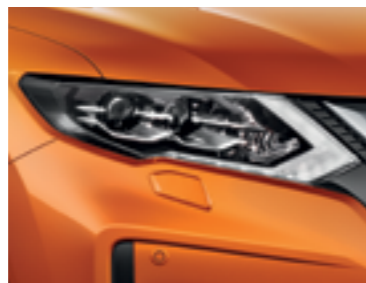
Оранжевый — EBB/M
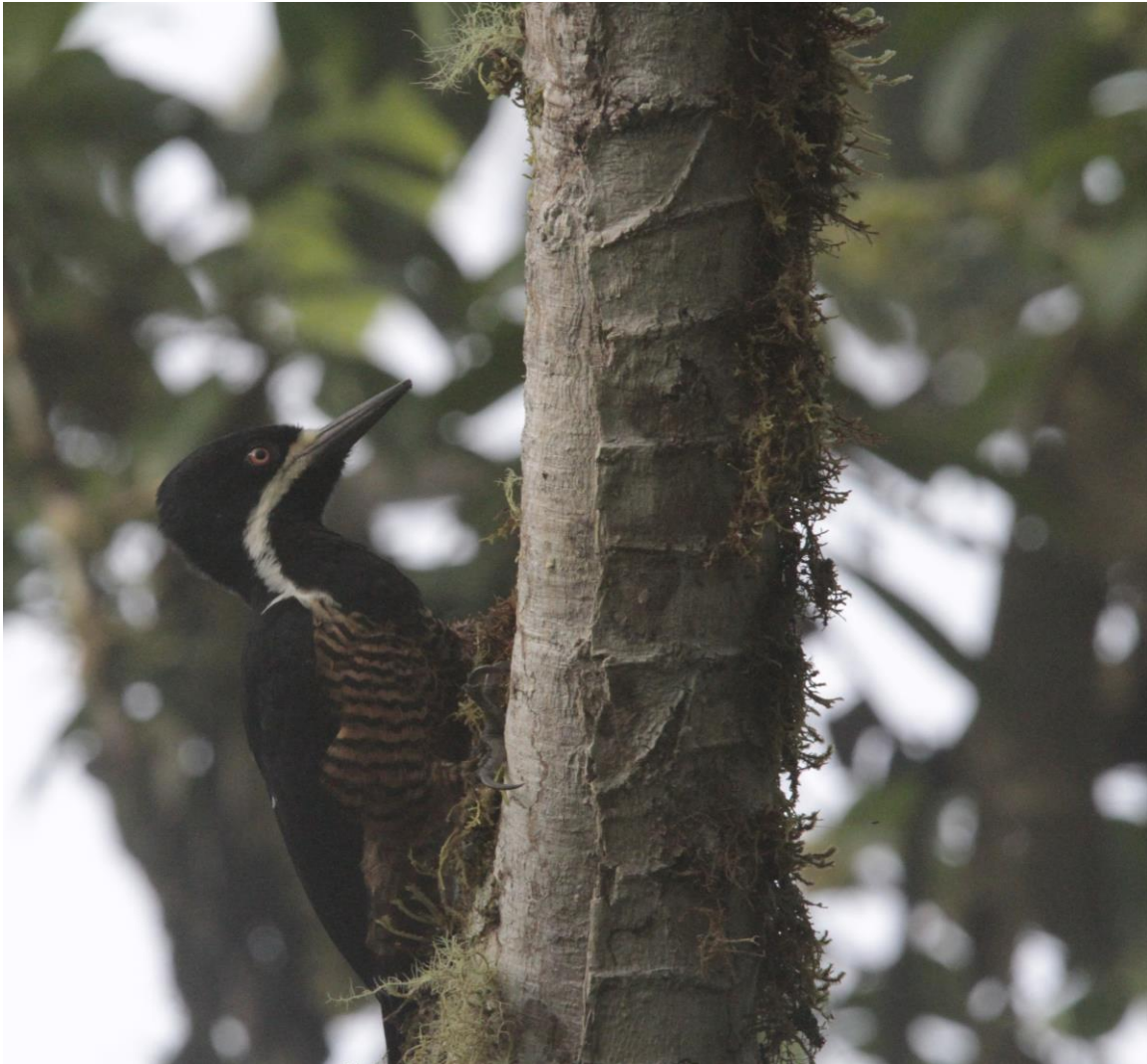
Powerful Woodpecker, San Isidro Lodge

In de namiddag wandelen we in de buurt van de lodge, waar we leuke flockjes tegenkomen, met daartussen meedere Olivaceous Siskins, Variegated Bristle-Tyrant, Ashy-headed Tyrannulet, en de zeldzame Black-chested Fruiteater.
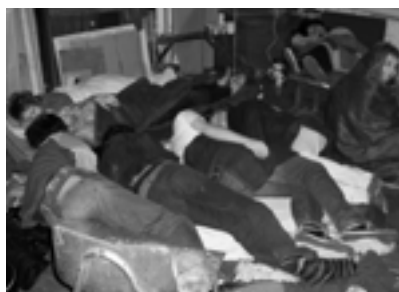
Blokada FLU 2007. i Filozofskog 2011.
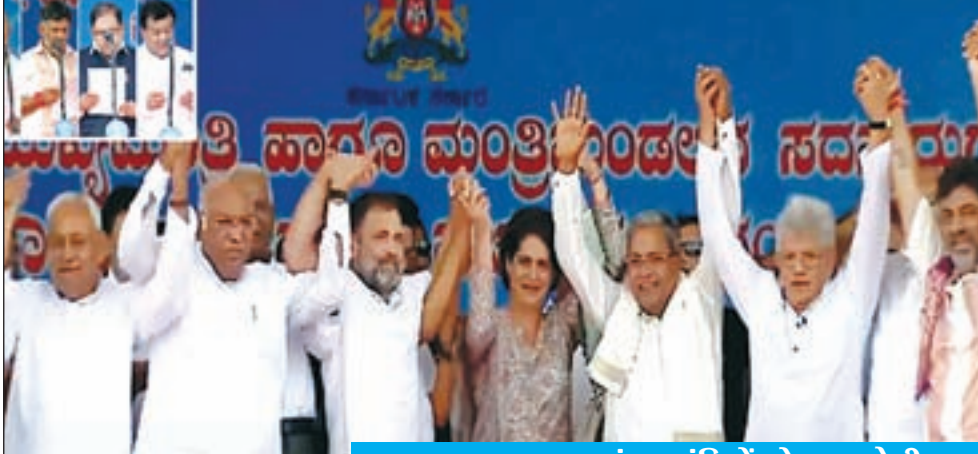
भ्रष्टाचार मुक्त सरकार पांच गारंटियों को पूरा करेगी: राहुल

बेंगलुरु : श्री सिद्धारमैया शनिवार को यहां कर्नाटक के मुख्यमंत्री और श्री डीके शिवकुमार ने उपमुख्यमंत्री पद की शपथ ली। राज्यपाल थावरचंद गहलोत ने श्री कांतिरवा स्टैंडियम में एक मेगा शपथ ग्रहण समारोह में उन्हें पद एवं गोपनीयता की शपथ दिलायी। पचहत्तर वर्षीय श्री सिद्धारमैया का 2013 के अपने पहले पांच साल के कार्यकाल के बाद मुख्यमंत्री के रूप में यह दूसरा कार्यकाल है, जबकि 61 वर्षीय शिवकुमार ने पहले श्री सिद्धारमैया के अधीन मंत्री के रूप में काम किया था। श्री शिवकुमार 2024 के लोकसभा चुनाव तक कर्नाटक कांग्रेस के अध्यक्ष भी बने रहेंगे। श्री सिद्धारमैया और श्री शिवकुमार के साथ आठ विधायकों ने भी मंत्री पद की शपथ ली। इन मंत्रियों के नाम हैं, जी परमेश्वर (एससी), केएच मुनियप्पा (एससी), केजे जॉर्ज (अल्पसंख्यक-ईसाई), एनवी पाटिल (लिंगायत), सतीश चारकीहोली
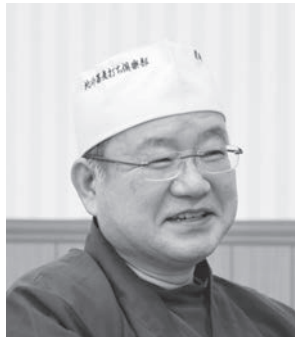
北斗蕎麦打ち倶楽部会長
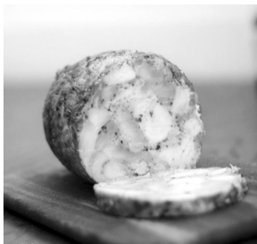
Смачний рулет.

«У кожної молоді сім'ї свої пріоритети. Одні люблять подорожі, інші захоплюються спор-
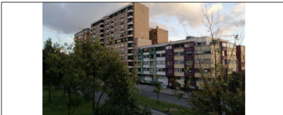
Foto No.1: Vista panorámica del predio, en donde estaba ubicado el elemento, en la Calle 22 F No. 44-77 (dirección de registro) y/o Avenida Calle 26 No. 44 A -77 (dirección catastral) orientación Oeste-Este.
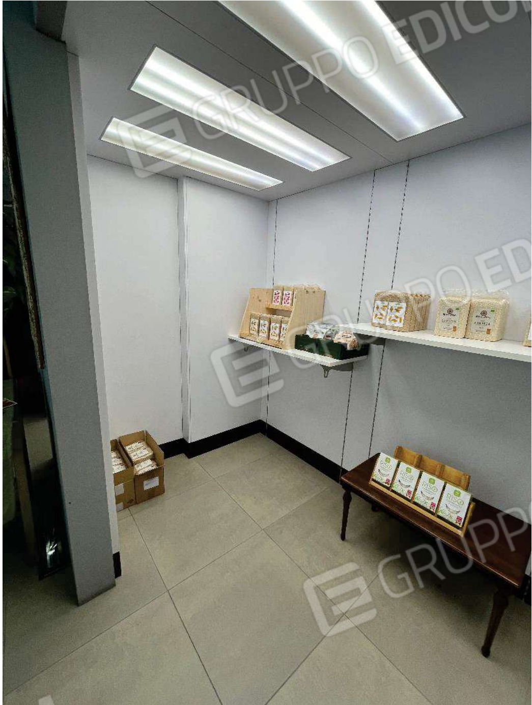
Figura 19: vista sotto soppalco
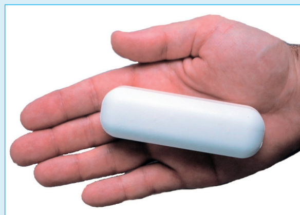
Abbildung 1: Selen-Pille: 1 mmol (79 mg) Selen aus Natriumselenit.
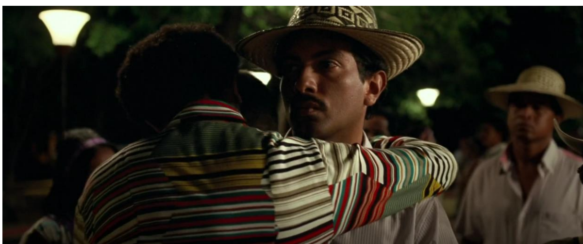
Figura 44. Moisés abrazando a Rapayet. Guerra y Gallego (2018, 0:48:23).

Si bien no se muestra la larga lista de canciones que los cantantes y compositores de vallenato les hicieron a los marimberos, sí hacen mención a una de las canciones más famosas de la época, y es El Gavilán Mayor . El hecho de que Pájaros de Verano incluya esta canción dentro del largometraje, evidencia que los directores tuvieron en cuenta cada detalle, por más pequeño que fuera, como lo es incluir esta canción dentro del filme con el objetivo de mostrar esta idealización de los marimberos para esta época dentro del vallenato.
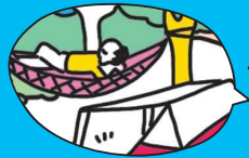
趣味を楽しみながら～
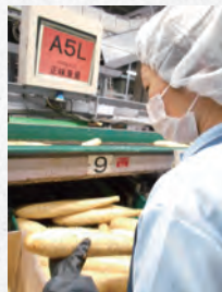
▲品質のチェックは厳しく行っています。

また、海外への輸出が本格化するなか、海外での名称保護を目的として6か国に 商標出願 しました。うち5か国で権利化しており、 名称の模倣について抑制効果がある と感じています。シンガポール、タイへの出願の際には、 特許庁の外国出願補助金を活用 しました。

══════

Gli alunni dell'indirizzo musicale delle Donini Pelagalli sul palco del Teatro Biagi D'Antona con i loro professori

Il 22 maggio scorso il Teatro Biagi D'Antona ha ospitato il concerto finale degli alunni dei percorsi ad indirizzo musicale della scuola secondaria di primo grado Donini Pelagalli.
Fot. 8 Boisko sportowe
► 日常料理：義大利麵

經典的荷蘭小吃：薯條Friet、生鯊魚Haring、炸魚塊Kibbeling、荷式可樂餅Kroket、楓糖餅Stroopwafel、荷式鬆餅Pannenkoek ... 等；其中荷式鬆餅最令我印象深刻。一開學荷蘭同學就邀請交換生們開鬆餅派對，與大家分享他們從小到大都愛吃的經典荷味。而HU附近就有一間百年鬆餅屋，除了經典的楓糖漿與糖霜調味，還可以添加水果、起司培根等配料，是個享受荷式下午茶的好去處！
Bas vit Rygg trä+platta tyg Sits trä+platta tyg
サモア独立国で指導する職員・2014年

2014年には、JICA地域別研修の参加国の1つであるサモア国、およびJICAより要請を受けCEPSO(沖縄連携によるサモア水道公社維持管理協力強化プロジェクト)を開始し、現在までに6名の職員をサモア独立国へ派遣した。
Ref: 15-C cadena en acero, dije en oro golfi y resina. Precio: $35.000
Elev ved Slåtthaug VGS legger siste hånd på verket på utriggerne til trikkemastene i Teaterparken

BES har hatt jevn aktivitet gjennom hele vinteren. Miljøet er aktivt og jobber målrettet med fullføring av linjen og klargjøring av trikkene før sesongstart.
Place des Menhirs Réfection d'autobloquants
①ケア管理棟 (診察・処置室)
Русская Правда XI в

══════

## Task instructions
Where the listing above has a line with "Bas vit Rygg", start there, and output every line exactly through the line with "Русская Правда XI в", which is also included.

## Answer to the exercise
Bas vit Rygg trä+platta tyg Sits trä+platta tyg
サモア独立国で指導する職員・2014年

2014年には、JICA地域別研修の参加国の1つであるサモア国、およびJICAより要請を受けCEPSO(沖縄連携によるサモア水道公社維持管理協力強化プロジェクト)を開始し、現在までに6名の職員をサモア独立国へ派遣した。
Ref: 15-C cadena en acero, dije en oro golfi y resina. Precio: $35.000
Elev ved Slåtthaug VGS legger siste hånd på verket på utriggerne til trikkemastene i Teaterparken

BES har hatt jevn aktivitet gjennom hele vinteren. Miljøet er aktivt og jobber målrettet med fullføring av linjen og klargjøring av trikkene før sesongstart.
Place des Menhirs Réfection d'autobloquants
①ケア管理棟 (診察・処置室)
Русская Правда XI в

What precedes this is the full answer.